Designing sustainable spaces that take into consideration climate, sun movement, and construction materials doesn’t require expensive software. The HEED (Home Energy Efficient Design) website developed by a UCLA research team headed by Murray Milne, a research professor in the school’s department of architecture and urban design, is a free resource that allows anyone to design a sustainable home and find out how much money and energy they will save with each design change.

At the site are: links to a HEED download page, EnergyPlus weather data from the Department of Energy, frequently asked questions, design suggestions, and a tutorial.

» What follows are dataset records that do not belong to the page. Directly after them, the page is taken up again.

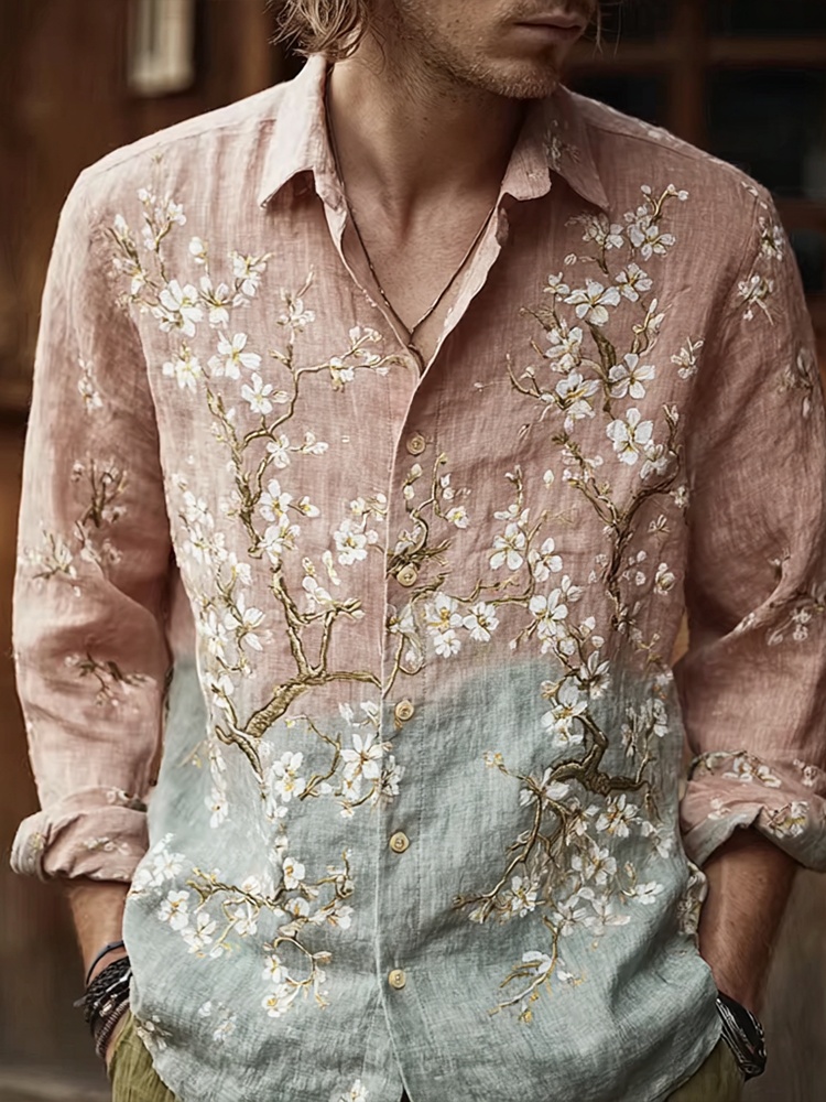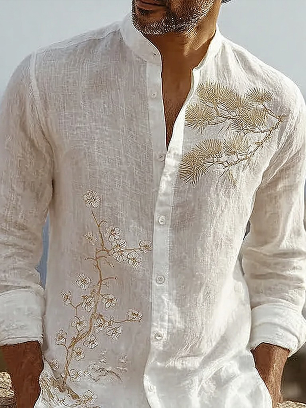 Men's Japanese-style Pine Tree And Cherry Blossom Pattern Linen Blend Shirt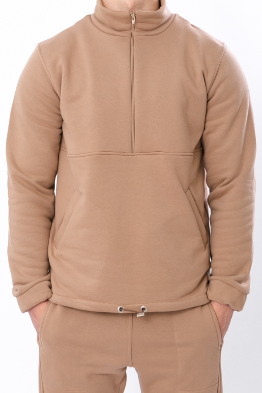 Полотно: трьохнитка петля з начосом (щільне трикотажне полотно, яке складається з трьох шарів ниток. З виворітної сторони тканина має начісування, що робить її надзвичайно теплою і комфортною для прохолодної погоди. З лицьового боку трьохнитка зазвичай має гладку поверхню, а з виворітного — петлі або начіс, що забезпечують теплоізоляційні властивості.)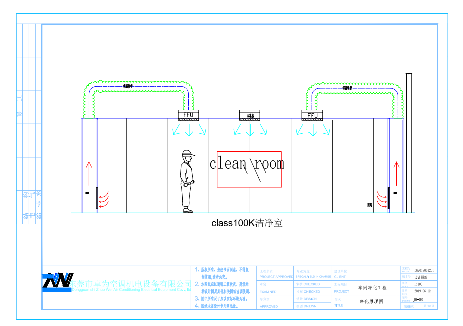 潔凈度的實(shí)現(xiàn)是通過布置在車間上的FFU高效過濾送風(fēng)單元過濾,足夠的換氣次數(shù)來實(shí)現(xiàn)的,新風(fēng)采用初效過濾后送入車間。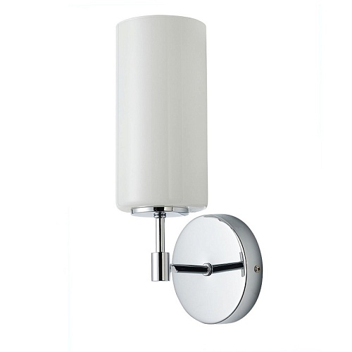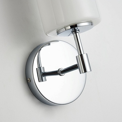 Металлический хромированный каркас, плафон из белого матового стекла, сменная лампа, цоколь Е14.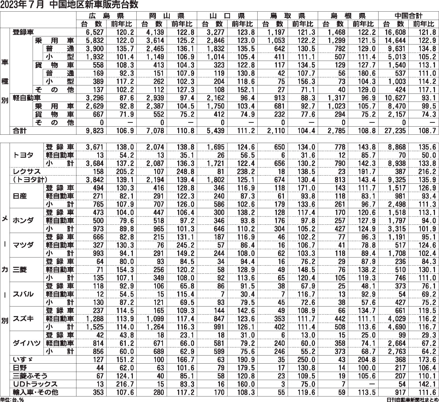 2023年7月の新車販売台数(登録車と軽自動車の合計)は、前年同月比8・7%増の2万7235台となり、11カ月連続で前年台数を上回った。伸長率で全国平均を0・2㌽上回ったほか、全県が前年越えとなり、広島、島根、鳥取は11カ月連続、岡山と山...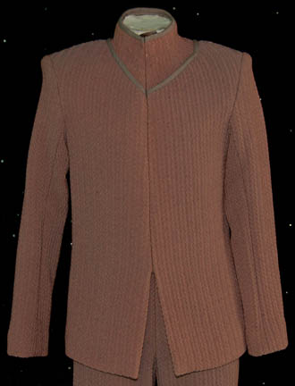 Description: A costume featured in the Star Trek: Voyager episode “Natural Law”, wherein “Commander Chakotay” (Robert Beltran) and “Seven of Nine” (Jeri Ryan) are trapped on a primitive part of the planet Ledos and “Tom Paris” is forced to take piloting lessons. This costume is for wear by Neil Vipond in the role of the flight instructor “Kleg”, that is to give “Tom Paris” his lessons, and is a long-sleeved, brown jacket with a textured arrow pattern, lighter brown colored accents around the neck, satin lining, a zip up the front, corresponding overall style trousers of the same style, and stirrups for the feet. A sewn in tag reads ‘Voyager, Neil Vipond' and the costumer’s tag reads ‘268 Natural Law, Kleg - Ledosian, Neil Vipond’.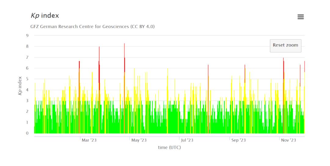 [6]Matzka, J. & Stolle, C. & Yamazaki, Yosuke & Bronkalla, O. & Morschhauser, A. (2021). The Geomagnetic Kp Index and Derived Indices of Geomagnetic Activity. Space Weather. 19. https://doi.org/10.1029/2020SW002641.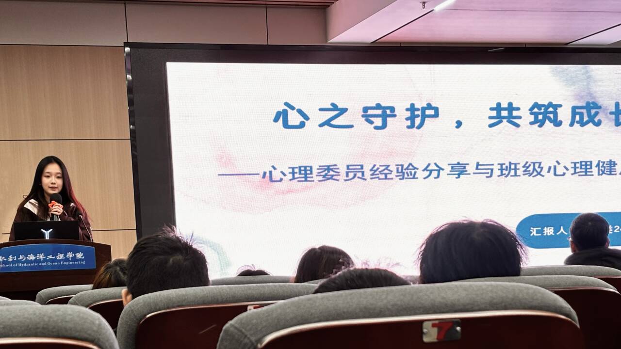 为提升心理委员履职能力,健全班级心理健康防护体系,助力同学们身心健康发展,11月21日晚,水利学院在新能源大楼一栋二楼会议室举办2024级心理委员经验分享交流会。本次培训特邀水利类2402班心理委员胡语桓担任主讲,分享其心理工作的实操经验与心得,年级辅导员李永睿出席会议。
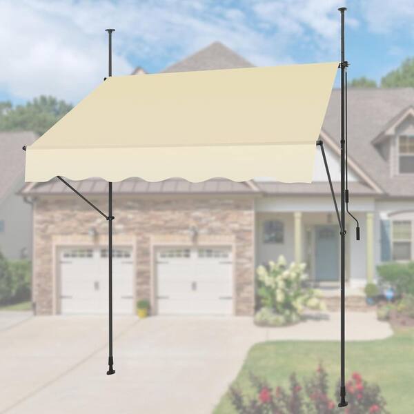 78-Inch Manual Retractable Aluminum Polyester Awning for Patio Doors, UV Protection Sunshade Shelter, Beige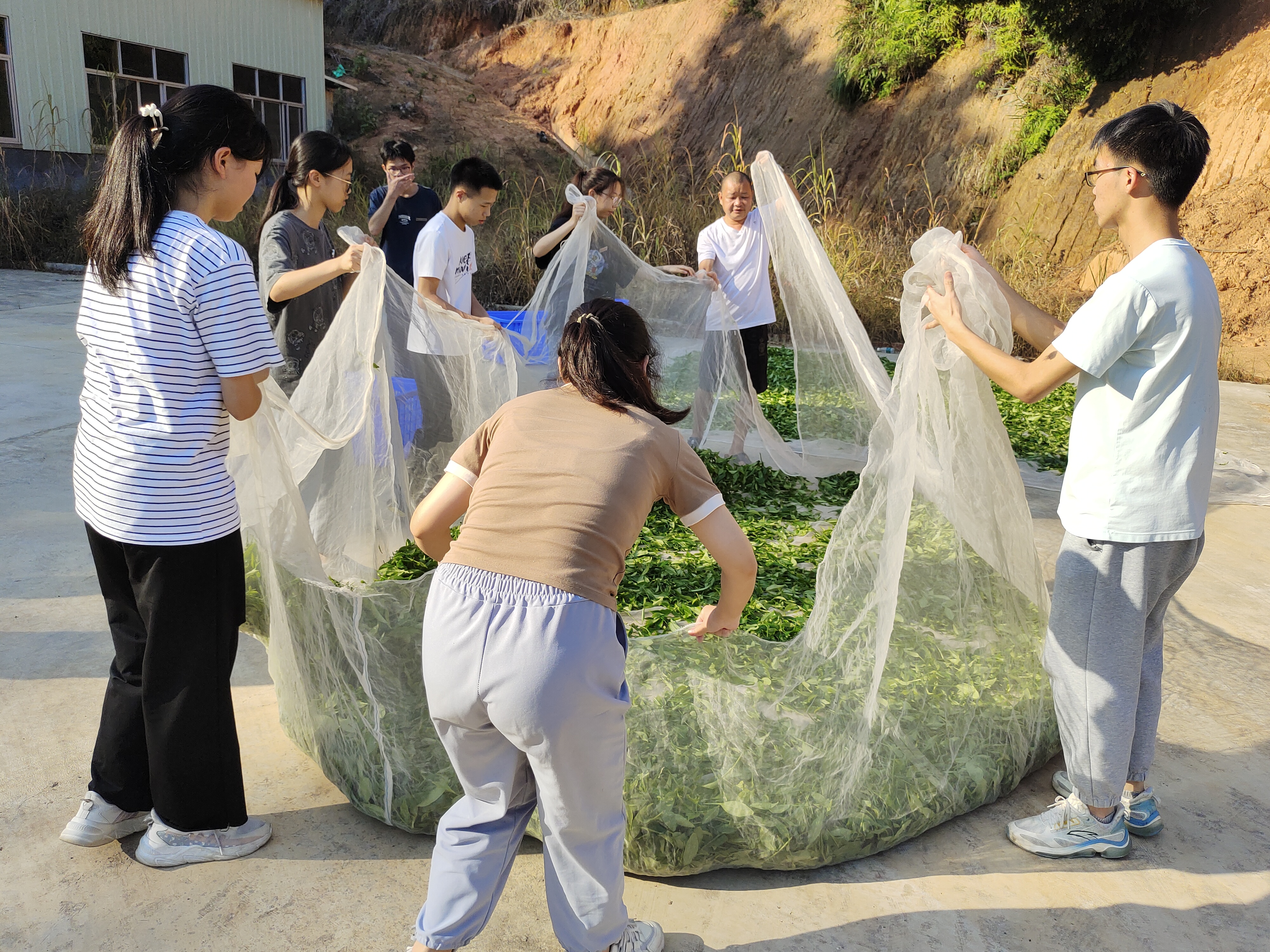 兴宁市径南镇是我校对口帮扶点,刚入径南,实践队一行人就同茶叶代表、扶村工作队及当地政府就径南茶产业的技术资源和产业优势进行了深入交流。实践队走进各村的制茶作坊,体验了晾青、晒青、摇青、发酵、杀青、揉捻和烘焙的制茶全过程,感受径南单丛茶悠久的历史文化与独特魅力。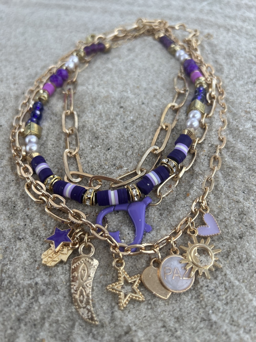 Collar cuadruple en metal dorado , violeta y lila , se pueden usar juntos o por separado ya que cada collar tiene su gancho

Enter a home’s square footage, number of stories, type (apartment, rowhouse, etc.), and location, and HEED automatically creates two homes so you have one with which to compare changes. The base house meets California’s energy code, which is as stringent or tougher than any code in the U.S. You can, however, change it to your own state code, and you can create up to nine design schemes. “The idea,” Milne says, “is to keep trying things to make the house better.”

In the floor planner, you can rotate the home and explore door, window, roofing, ventilation, insulation, heating, cooling, appliance, and operable shading options. There’s also a payback analysis tool that calculates annual energy costs against construction costs.

HEED is easy to install on a PC or a Mac. Setup takes a little time, but the site is easy to use. Although there’s no help desk, if you send the HEED team an e-mail, you’ll get a prompt response. To see all of UCLA’s energy design tools, go to www.energy-design-tools.aud.ucla.edu.

—Stacey Freed, senior editor, REMODELING.